In truth, I never liked the property tax cap plan. You don't solve the problem by not letting school districts spend more money, even if things get more expensive. If you watch the New Paltz school board meetings, you'll quickly realize that much of what the district pays for is controlled by state mandates or ironclad union contracts over which they have little control (and which themselves are certainly worthy of a post). Controlling spending is definitely a good plan if you want to reduce taxes, but this is like reducing your kid's allowance by a buck a week but expecting him to pay for more expensive lunches anyway.

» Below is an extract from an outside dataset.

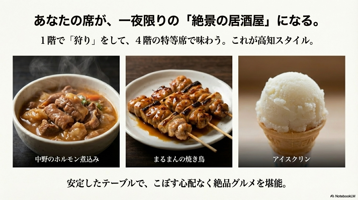 - 自由なグルメスタイル: 1階のB級グルメを持ち込むもよし、4階の食堂「馬ん軒」でオムライスを食べるもよし。食の選択肢は無限大です。

What I would like to see our local school board do is make a stink about the medieval system of taxation they're forced to follow - land has not been a useful measure of wealth for a couple of centuries, after all. David Dukler and friends should rally districts around the state to throw down the property tax system altogether, and replace it with something more equitable. Education is the responsibility of all of us, and should be paid for by all of us. We've heard louder and louder grousing about high taxes for years, and it's the job of our elected representatives to make sure Albany is really listening.
I'm terrified that as a senior citizen I'm going to want to vote down school budgets because I want to stay in my home, and that's a pretty crappy place to be. Governor Paterson's plan, though, is more than a bit shortsighted, and I'd like to see better.